Forum Moderators: Robert Charlton & goodroi

Message Too Old, No Replies

Google scanned .txt files!

How to avoid undesired scannings

specter

6:15 pm on Aug 1, 2007 (gmt 0)

Hello,

Google began to scan some text files in a subdirectory of my site.Is this normal?

Besides, how to prevent undesired scannings?

Say that I have some subdirectories I don't want Google visits, how could I get this?

Thanks!

tedster

9:05 pm on Aug 1, 2007 (gmt 0)

Use robots.txt to block directories and files you don't want spidered.

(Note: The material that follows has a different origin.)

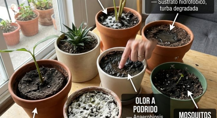 El sustrato de tus macetas habla todo el tiempo. El problema es que la mayoría lo mira solo cuando riega — y para entonces la señal que el sustrato llevaba días dando ya se convirtió en el síntoma que aparece en la hoja.
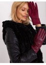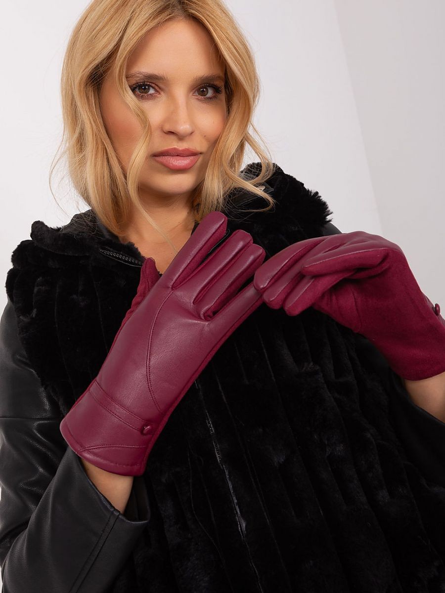 Gants élégants pour femmes, fabriqués à partir d'une combinaison de deux matériaux différents. Bretelles décoratives avec boutons aux poignets. L'index est orné d'une fleur brodée, ce qui permet d'utiliser le téléphone sans avoir à retirer les gants.

Then, if those files were already indexed, you can request their removal through Google's url removal tool.

londrum

9:19 pm on Aug 1, 2007 (gmt 0)

stick this in your robots.txt, and it will stop googlebot spidering all pages with a .txt extension

User-agent: *
Disallow: /*.txt*$

it doesn't work for all bots though. but googlebot understands it.

specter

9:58 pm on Aug 1, 2007 (gmt 0)

Thanks for your useful replies!

netmeg

12:26 am on Aug 2, 2007 (gmt 0)

I discovered this happening a few years ago, and got around the problem by using other file extensions, like .lst or .meg or whatever.

vincevincevince

12:35 am on Aug 2, 2007 (gmt 0)

I discovered this happening a few years ago, and got around the problem by using other file extensions, like .lst or .meg or whatever.

That won't work. Do a search for 'filetype:lst' or 'filetype:meg' and you'll see plenty such files indexed.

The fact is that Google will try to put anything textual in finds into the index, so a robots.txt file or a server-side deny is the only way to stop this.